The Memory Hub is a new Seattle community center for people with dementia and Alzheimer’s
Jun 29, 2022, 5:45 AM | Updated: 9:37 am
(Photo courtesy of Elderwise)
June is Alzheimer’s & Brain Awareness Month and although there is still so little we know about dementia, progress is being made and there are new resources right here in Seattle.
Let’s start with the first-ever Alzheimer’s drug, approved by the Food and Drug Administration (FDA) last summer.
“While not a cure, this new drug is the first FDA-approved treatment that has been shown to reduce the defining brain changes of Alzheimer’s, those amyloid plaques,” said Dr. Maria Carillo, chief science officer for the Alzheimer’s Association. “That means people could have more time to participate actively in their daily life, more independently, and hold on to memories longer. Having more time at these earliest stages, in a progressive and fatal disease like Alzheimer’s, that actually, at the end stage, robs you of even your personhood, this is so important.”
Carillo says there are currently three other drugs in the pipeline awaiting FDA approval.

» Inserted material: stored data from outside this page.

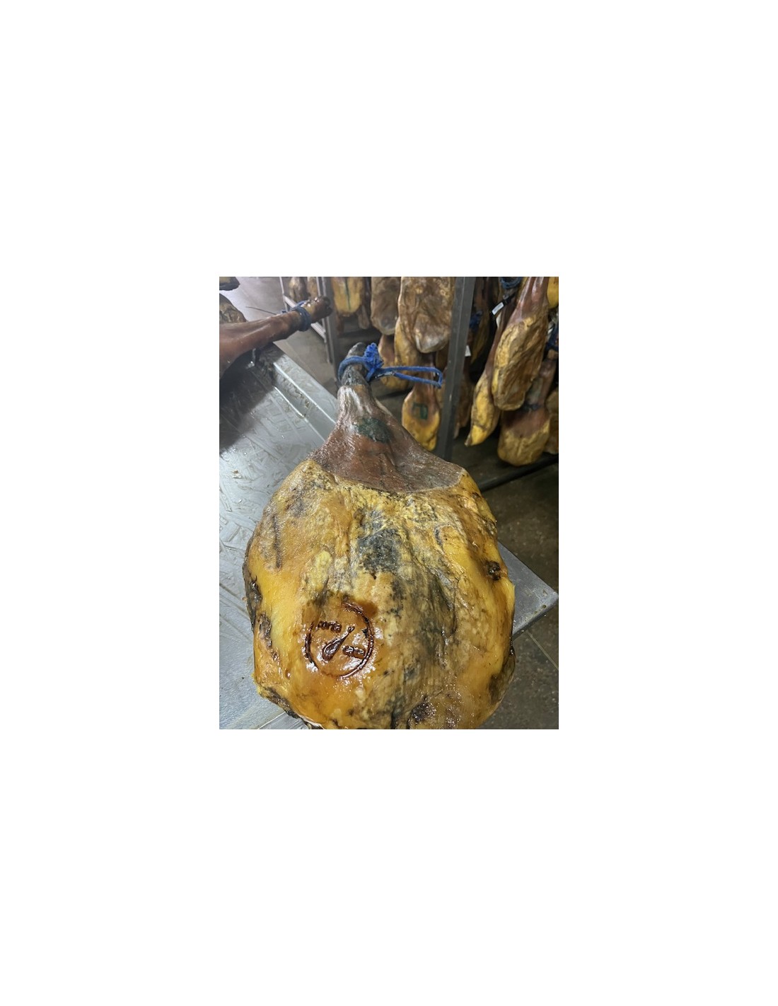 Épaule 100 % Ibérique de Bellota, avec étiquette noire, certifiant sa catégorie en tant que produit haut de gamme 100 % ibérique. Son poids est entre 5 et 5,5 kg, un poids idéal pour la maison avec un rendement élevé.
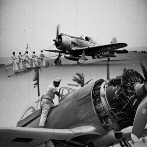 El Prat and Whitney Double Wasp radial prendió en la tercera pala 2000 caballos de fuerza, 417 millas por hora de velocidad máxima. A las 06:48 rodó a posición. A las 07:30 la formación cruzó la costa norte de Boganville. Simpson Harbor yacía 90 millas adelante. Hansen revisó su munición. Seis ametralladoras Browning, calibre 50, 400 balas por arma, 2400 balas en total.
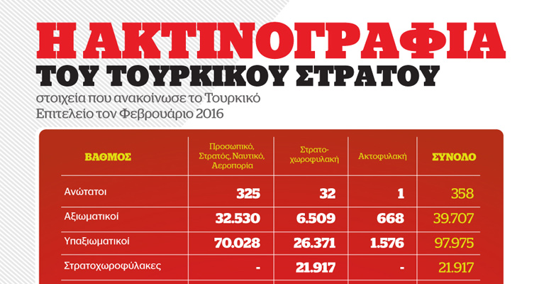 Δείτε στο Infographic του Onalert.gr αναλυτικά τους αριθμούς των Τουρκικών Ενόπλων Δυνάμεων.
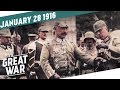 Even though Britain went to war over the violation of the Belgian neutrality by the Germans, the neutrality of Greece seems to be of no concern to the Entente. The military presence on Corfu and Salonika is growing and growing. And even though there is no fighting there, the soldiers have to suffer since general Malaria is taking his toll. In the week of the Kaiser's birthday, the diplomatic tensions between the USA and Germany are increasing and on the Western Front Trench Foot is becoming a real problem.
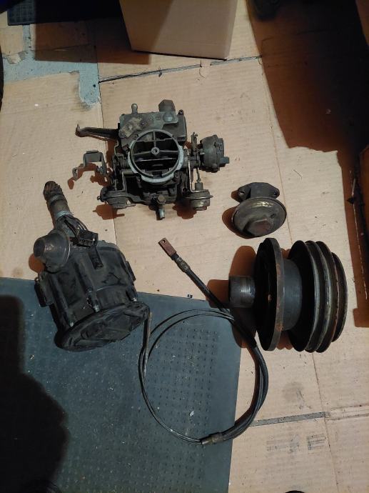 Zatim imam neke lajsne,ventilator, prekidače, mehanizam mjenjača,volan , unutarnje ogledalo itd.Za v6 frtajler 80eur. alternator 80eur. remenica 30eur. karburator 100eur.( v6 motor)
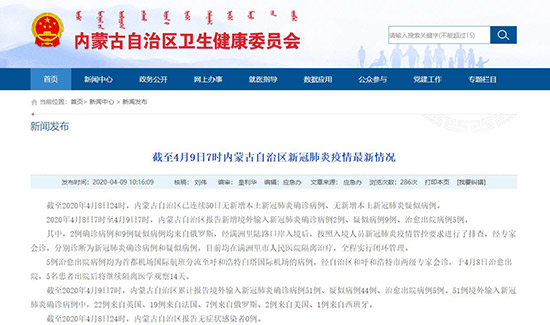 2020年4月8日7時至4月9日7時,內蒙古自治區(qū)報告新增境外輸入新冠肺炎確診病例2例、疑似病例9例、治愈出院病例5例。
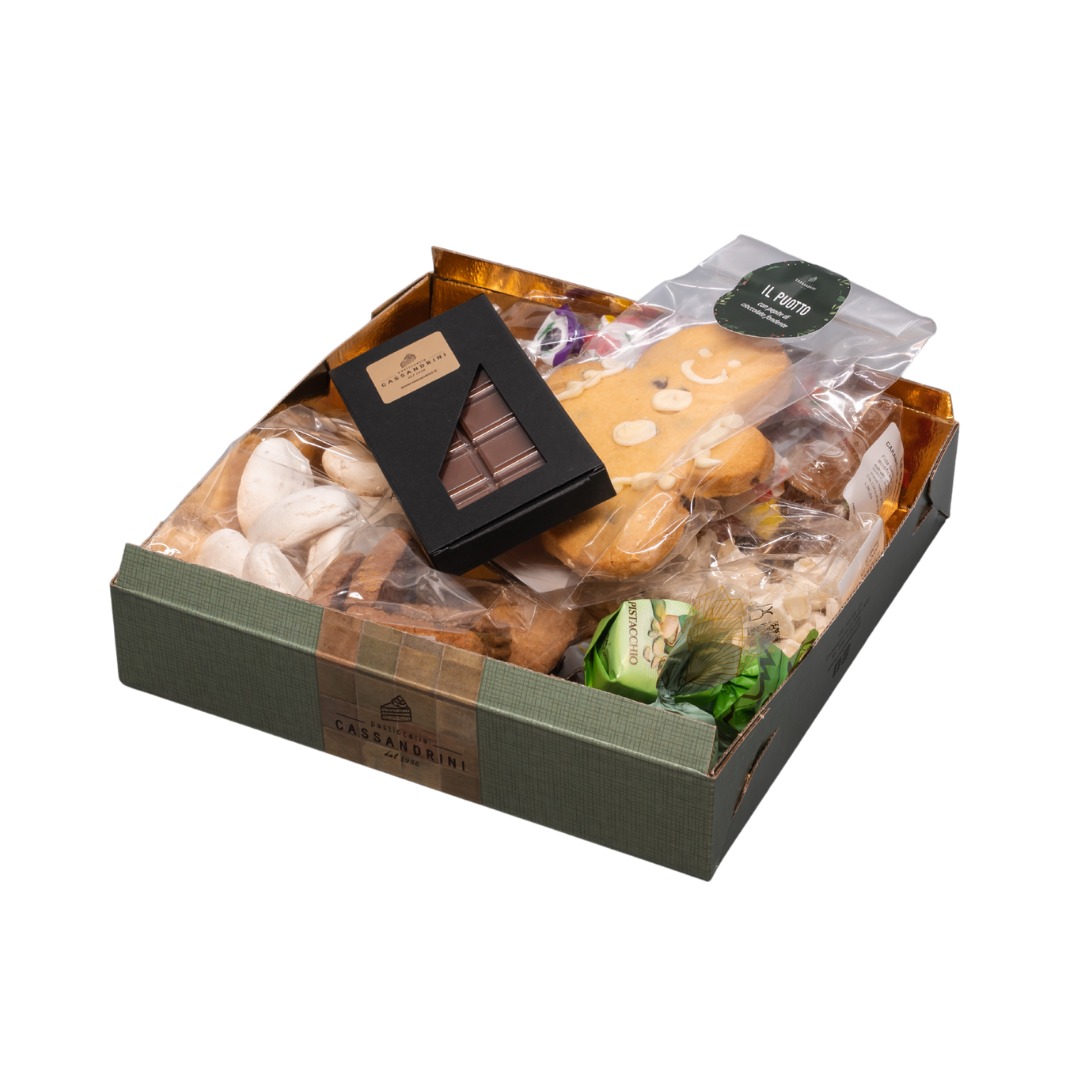 GELATINE ALLA FRUTTA, MERINGHETTE ARTIGIANALI, FROLLINI, CIOCCOLATONI RIPIENI, FIOCCHI DI MANDORLATO, TAVOLETTA DI CIOCCOLATO AL LATTE, PUOTTO DI FROLLA.
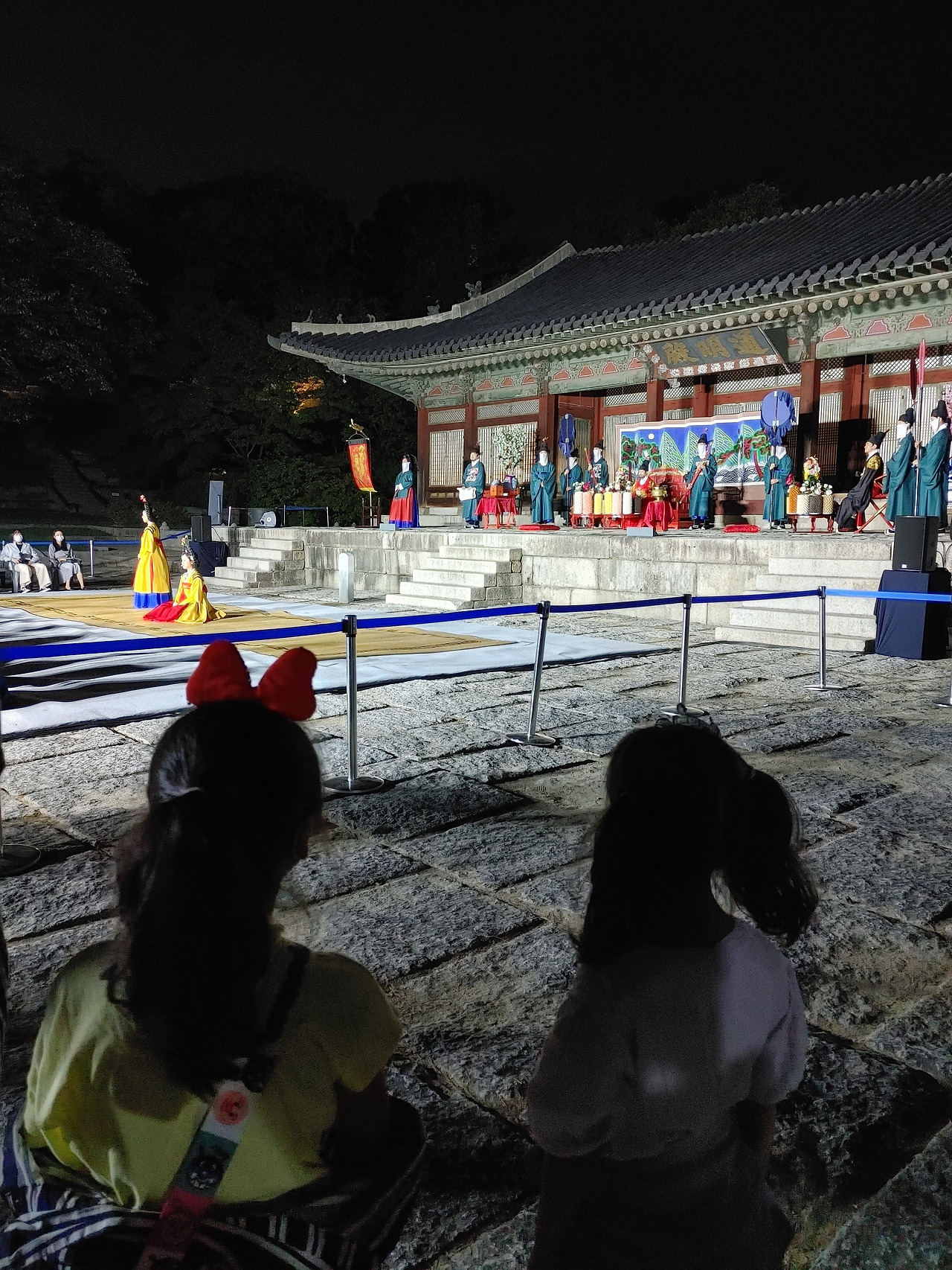 참 오길 잘했다. 이렇게 예약을 했기 때문에 우리가 나올 수 있었던 거지. 고즈넉한 풍경 속에 풍악이 울리면 기쁨이 별가루가 되어 반짝반짝 밤공기 속에 빛나는거지. 그 속을 함께 걷는 우리 가족은 돈으로도 살 수 없는 멋진 추억 하나를 공유하게 된거지. 엄마는 서울의 밤공기를 쐬어 보셨고 사위가, 그리고 잠시는 막내손주가 고사리손으로 미는 휠체어를 타 보셨다(조마조마 하셨을 거다). 아빠는 조명 속에 은은하게 빛나는 밤의 창경궁의 멋을 느끼셨고 혼자 엄마를 챙겨야 한다는 부담에서 벗어나 당신이 좋아하는 것을 즐기셨다. 서은가은에게도 창원할아버지 할머니와 함께 다닌 기억이 많이 남길 바란다.

A recent study reports that 40% of what causes Alzheimer’s or dementia is likely dictated by lifestyle, so the Alzheimer’s Association is preparing to launch a two-year, $100 million study to look at four factors.
“The first is monitoring your heart health,” said Carillo. “If you have heart disease, you increase your risk of dementia, including Alzheimer’s, by threefold. Cardiovascular diseases interfere with blood flow, so they’re going to interfere with allowing nutrition to optimally reach the brain, allowing the toxins to be optimally removed. The second, maintain yourself physically active. The third is to ensure that you have the appropriate nutrition, not only for your heart but for your brain. The fourth is that you participate in what we’re calling cognitive engagement. Keeping your brain active, not just your body.”
At the end of March, The Memory Hub opened in Seattle, on the Frye Art Museum campus.
“The types of programs you might see at a senior center but really tailored toward the strengths and the needs for people with memory loss and their families,” said Marigrace Becker, director of The Memory Hub.
The Memory Hub is operated by the University of Washington Memory and Brain Wellness Center, but four other organizations offer on-site programs, making it a one-stop-shop for those with dementia and their families and caretakers.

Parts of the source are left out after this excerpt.